One-stage and two-stage methods. One-stage methods directly output the 6D Pose from the input image by using a CNN; Two-stage methods require a further step, fed with the CNN output, to refine pose parameters

Specific strategies try to solve the lack of training data problem by involving synthetic images for training or processes such as data augmentation, known as Domain Randomization in the context of 6DoF (Degrees of Freedom) pose estimation. For example, as described in [23], this requires complement data with semi-realistic synthetic images. To do so, the authors rendered a 3D model of the object on a real background and then applied different augmentation techniques, such as varying lighting conditions, contrast, blur, and occlusion by removing small image blocks and replacing them with monochrome patches. While Domain Randomization improves the pose estimation accuracy, its benefits on real test images remain limited, mostly because existing Domain Randomization strategies do not tackle the severe occlusions problem, which is one of the main challenges in pose estimation. Figure 5 shows a schematic overview of these techniques.

Fig. 5
figure 5

Schematic representation of learning-based methods. In a first training phase, the CNN is trained with a large set of labelled data; then the trained model from an input image can estimate the 6D position, optionally refined through a refinement step

Learning-based methods can be classified into three categories [69, 70]:

  • Bounding box prediction and PnP algorithm-based methods (Section 5.1).

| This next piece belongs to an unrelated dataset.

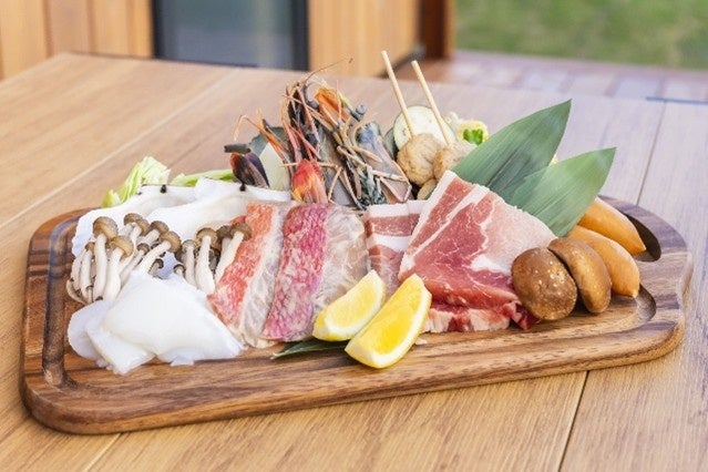 地元の鮮魚店や精肉店から仕入れた新鮮な食材を、自分たちで焼いて楽しめるヴィラBBQ。名物・金目鯛の干物や季節の野菜とともに、地酒・クラフトビールも楽しめます。
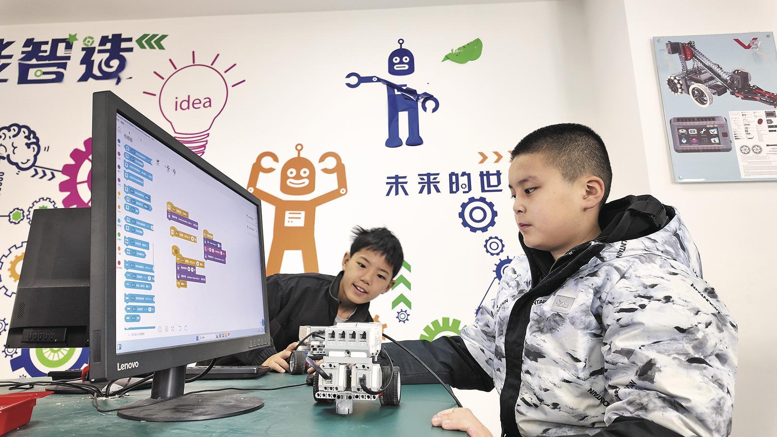 學生體驗機器人編程課的樂趣。

  • Classification-based methods (Section 5.2).

  • Regression-based methods (Section 5.3).

Advantages:

  • They are powerful and can provide excellent results [46, 66];

  • They have high performance even if the object is partially occluded or in case of cluttered backgrounds [6].

Disadvantages:

  • They require a time-consuming training process [6, 12];

  • They are not very robust to severe occlusions because covering the space of all possible occlusions with real images is unmanageable [23, 39];

  • Their ability to generalize is still a problem in some cases [43, 51, 73].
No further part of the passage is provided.